Maximizing Alignment with Minimal Feedback: Efficiently Learning Rewards for Visuomotor Robot Policy Alignment

from arxiv, Submitted to IJRR, this paper is an extended journal version of the conference paper arXiv:2310.07932 with new results and discussion. arXiv admin note: substantial text overlap with arXiv:2310.07932

Visuomotor robot policies, increasingly pre-trained on large-scale datasets, promise significant advancements across robotics domains. However, aligning these policies with end-user preferences remains a challenge, particularly when the preferences are hard to specify. While reinforcement learning from human feedback (RLHF) has become the predominant mechanism for alignment in non-embodied domains like large language models, it has not seen the same success in aligning visuomotor policies due to the prohibitive amount of human feedback required to learn visual reward functions. To address this limitation, we propose Representation-Aligned Preference-based Learning (RAPL), an observation-only method for learning visual rewards from significantly less human preference feedback. Unlike traditional RLHF, RAPL focuses human feedback on fine-tuning pre-trained vision encoders to align with the end-user's visual representation and then constructs a dense visual reward via feature matching in this aligned representation space.

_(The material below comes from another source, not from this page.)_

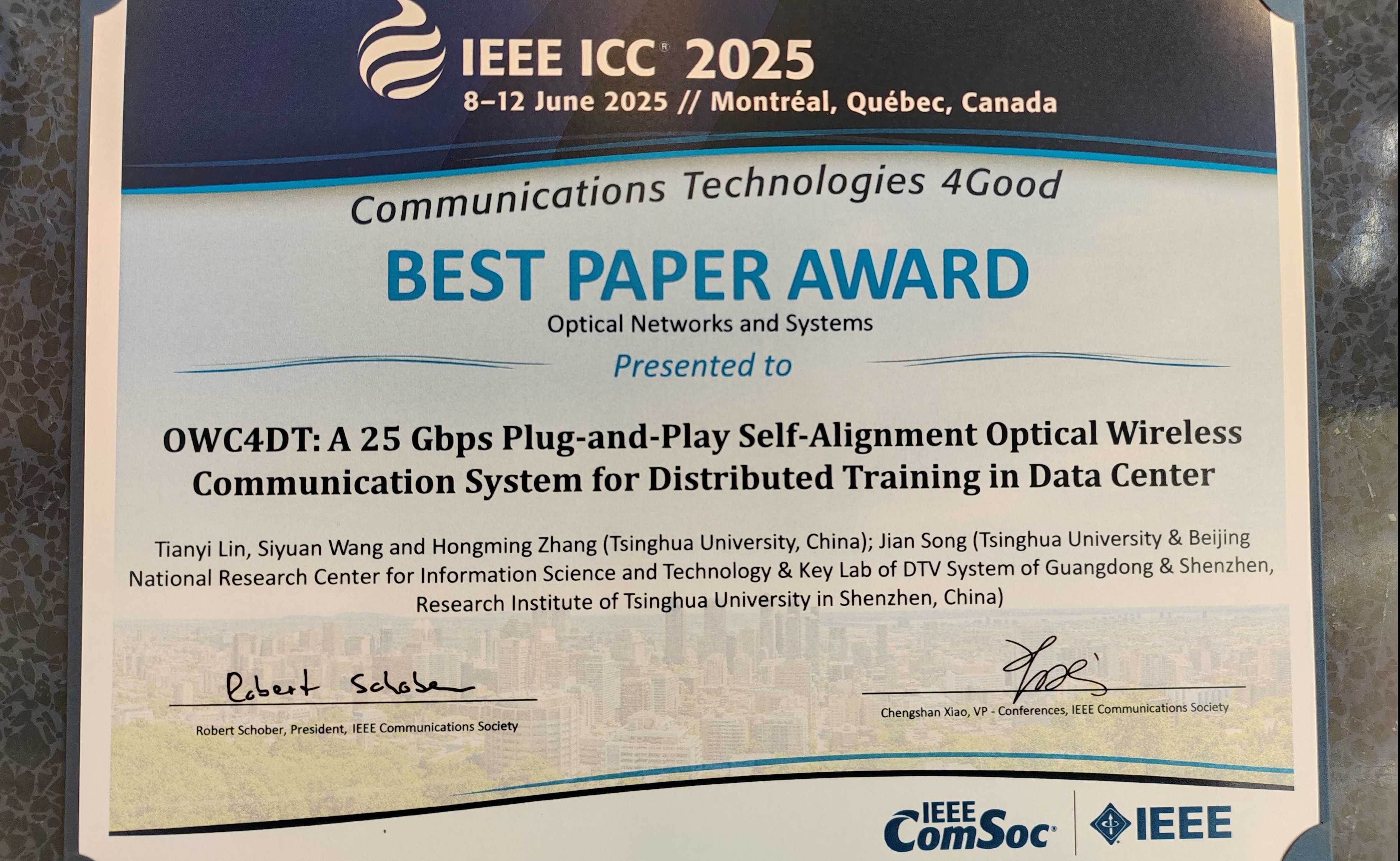 2025.06电子系、深圳华体会娱乐平台研究院师生获得IEEE 2025 ICC最佳论文奖

We first validate RAPL through simulation experiments in the X-Magical benchmark and Franka Panda robotic manipulation, demonstrating that it can learn rewards aligned with human preferences, more efficiently uses preference data, and generalizes across robot embodiments. Finally, our hardware experiments align pre-trained Diffusion Policies for three object manipulation tasks. We find that RAPL can fine-tune these policies with 5x less real human preference data, taking the first step towards minimizing human feedback while maximizing visuomotor robot policy alignment.

翻译：视觉运动机器人策略日益基于大规模数据集进行预训练，有望推动机器人学各领域取得显著进展。然而，将这些策略与终端用户偏好对齐仍然存在挑战，尤其在偏好难以明确指定的情况下。尽管基于人类反馈的强化学习（RLHF）已成为非具身领域（如大语言模型）中对齐的主要机制，但由于学习视觉奖励函数所需的人类反馈量过大，该方法在视觉运动策略对齐中尚未取得同等成功。为应对这一局限，我们提出表征对齐偏好学习（RAPL），这是一种仅需观测数据的方法，能够利用显著更少的人类偏好反馈来学习视觉奖励。与传统RLHF不同，RAPL将人类反馈集中于微调预训练视觉编码器，使其与终端用户的视觉表征对齐，随后通过在该对齐表征空间中进行特征匹配来构建稠密视觉奖励。我们首先在X-Magical基准测试和Franka Panda机器人操作仿真实验中验证RAPL，证明其能够学习与人类偏好对齐的奖励函数，更高效地利用偏好数据，并能在不同机器人具身形态间泛化。最后，我们在硬件实验中针对三项物体操作任务对齐预训练的扩散策略。研究发现，RAPL能够以仅需五分之一真实人类偏好数据量微调这些策略，为在最大化视觉运动机器人策略对齐的同时最小化人类反馈迈出了关键一步。